Search code examples
androiddatabaseperformanceandroid-sqlitedatabase-performance

Improving Android SQLite query performance for relational tables


Scenario:

I am working with a what I think is a fairly large SQLite database (around 20 MB) in my Android app, which consists of around 50 tables.

Most of these tables are linked by foreign keys, and a lot of the time, I need to retrieve information from two or more tables at a time. To illustrate an example:

Table1:

Id  |  Name  |  Attribute1  |  Attribute2  |  ForeignKey

1   |  "Me"  |  SomeValue   |  AnotherVal  |     49
2   |  "A"   |     ...      |     ...      |     50
3   |  "B"   |              |              |     49

Table2:

Id  |  Attribute3  |  Attribute4  |  Attribute5

49  |   ThirdVal   |  FourthVal   |   FifthVal
50  |     ...      |     ...      |     ...

Sometimes, there are more than two tables that link together in this way. Almost all of the time, there are more columns than those presented above, and there are usually around 1000 rows.

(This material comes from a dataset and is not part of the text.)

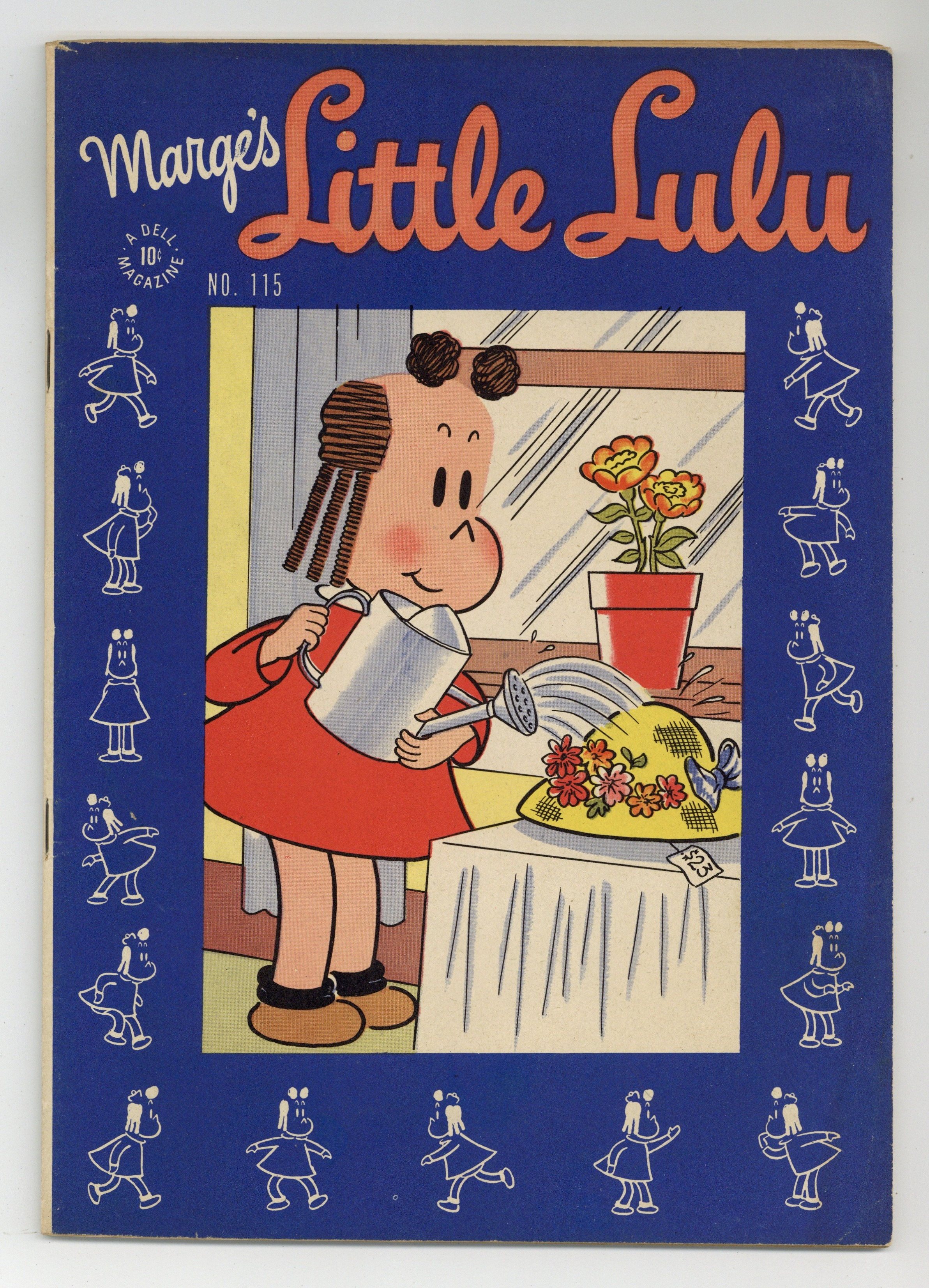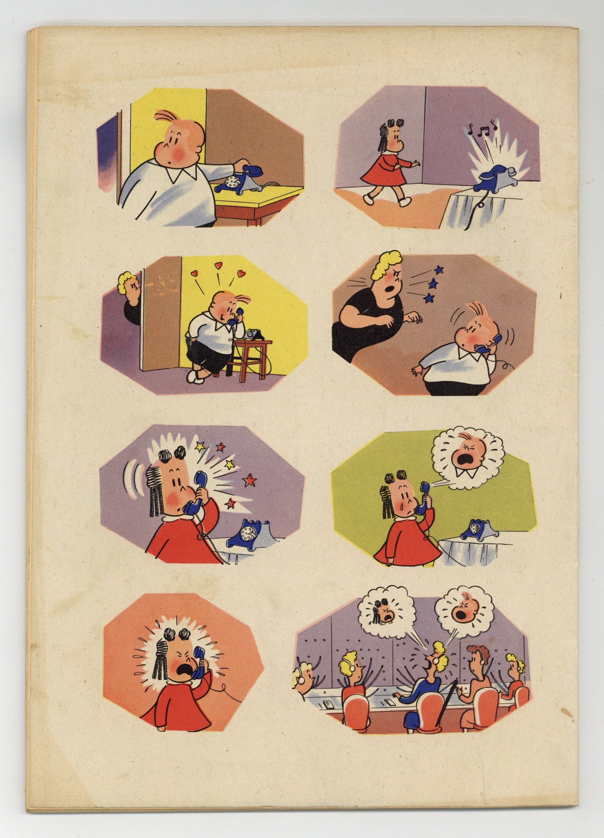 Cover art by John Stanley. Little Lulu Fights Back With a Club; Tubby dresses up like a girl to infiltrate and spy on Lulu's club, The Raiders. Little Lulu Brings Some Friends Home To Dinner; Lulu feeds some pigeons at the park that follow her home and come into the house. Little Lulu Tells a Tall Tale; Lulu tells Alvin about when she was marooned on a cannibal island. A Problem In Box Tops; Lulu and Tubby are in competition collecting box tops from cereal for prizes. The Haunted House; Lulu and Tubby meet some ghost kids when they explore a haunted house. Scripts and art by John Stanley. 52 pages, full color. Cover price $0.10.

My aim is to display a few of the attributes from the database as items in a RecyclerView, but I will need to use both tables to retrieve these attributes.


My method:

Currently, I am using the android-sqlite-asset-helper library to copy this database (.db extension) from the assets folder into the app. When I recorded the time for this copying to happen, it completed in 732 ms, which is fine.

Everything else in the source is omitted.